Above all the Director/delegate will pay attention to the hermit's genuine happiness and wellness in this vocation, the degree to which she is marked and measured by the Gospel of Jesus Christ, the ways the hermit grows as a human being in light of the vocation itself, and the ways in which God brings life out of every circumstance the hermit may experience. She will gauge the authenticity of the piety shown and be cognizant of superficialities or exaggerated reliance on "mystical" (or pseudo-mystical) experiences or notions of God (and/or Satan!) which infantilize and rob the hermit of mature accountability and the capacity for true discernment.
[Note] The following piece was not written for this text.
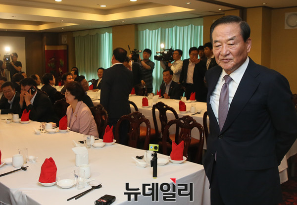 새누리당 서청원 의원이 27일 오후 서울 여의도의 한 중식당에서 의원 만찬 회동을 주최하고 있다.
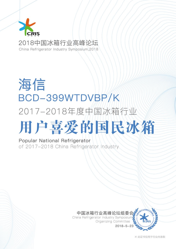 2017-2018年度中国冰箱行业用户喜爱的国民冰箱

In other words, a Director/delegate will look at the developing quality of the hermit's heart and discern whether Christ has invited this candidate into solitude to grow in maturity, unity and, eventually, union with Him. What I have found in persons I have accompanied in this way is a definite pattern of growth in insight into the life, a tendency to make the vocation one's own (the development of a kind of proprietariness with regard to the vocation) over time as well as to add one's own gifts/specific insights in an organic way to the eremitical tradition of c 603 vocations themselves, and a constantly renewed sense of amazement and awe because of their deepening sense that the vocation is a grace; I have also found in myself and those I have accompanied, growth in personal freedom and authentic independence under ecclesiastical authority. This makes of such accompaniment more a matter of celebration and sharing than of difficult meetings to discuss permissions, inadequacies, etc. I believe my own Director(s) would say the same.
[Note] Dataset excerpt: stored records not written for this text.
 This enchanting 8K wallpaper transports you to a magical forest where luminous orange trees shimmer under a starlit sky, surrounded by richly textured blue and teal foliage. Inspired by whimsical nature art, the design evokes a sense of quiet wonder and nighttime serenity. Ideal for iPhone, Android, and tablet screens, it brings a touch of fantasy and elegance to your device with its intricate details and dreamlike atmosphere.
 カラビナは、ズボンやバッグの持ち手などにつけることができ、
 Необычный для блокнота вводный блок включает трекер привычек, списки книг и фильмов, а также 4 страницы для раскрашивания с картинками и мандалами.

One of the ways I think dioceses and solitary hermits moving towards profession can structure meetings re discernment and formational stages and needs is through the writing of the Rule. This process takes several drafts and correlative attempts at living what one has written; even (sometimes especially!) in persons who have lived religious life before this, the changes from the original version to the one the hermit will eventually submit to her diocese for canonical and bishop's approval are substantial. (I am quite sure I have at least one reader here rolling her eyes and laughing while saying, "Oh, Sister, are you ever right about that one !!) It takes time to make the eremitical tradition one's own, to inculcate the values and sensibilities of the vocation so that one represents eremitical life authentically in a way which is not only consonant with history but relevant and edifying to the contemporary Church and world. In other words, it takes time and a real commitment to growth (as well as a Divine call!) to become the kind of person envisioned in canon 603, one who, inspired by God in Christ, the Desert Abbas and Ammas and hermits throughout the centuries, represents the Church's canonical appropriation and embodiment of the solitary eremitical tradition in the 20-21st C. If one comes to eremitical life from a religious or monastic community one must learn to let go of a lot of very good stuff  (including how one lived religious poverty and obedience) while embracing these same values in a way which is appropriate to the solitary canonical hermit.
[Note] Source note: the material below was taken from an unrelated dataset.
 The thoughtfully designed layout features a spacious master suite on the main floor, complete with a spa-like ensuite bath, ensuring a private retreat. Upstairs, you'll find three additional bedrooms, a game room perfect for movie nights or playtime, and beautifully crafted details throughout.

The hermit's deficiencies, strengths, growth, and other changes are reflected in the Rules she writes over a several year period; additionally the Rules themselves give the hermit and her superiors/guides something to explore and discuss at meetings as well as a way to set goals or decide about necessary resources which might be needed for continuing personal and vocational growth. They are a key to both discernment and formation for everyone involved in the processes. In any case discernment and formation go on at the same time. That, I think, is the nature of a divine vocation; more, it is the nature of a well-lived life.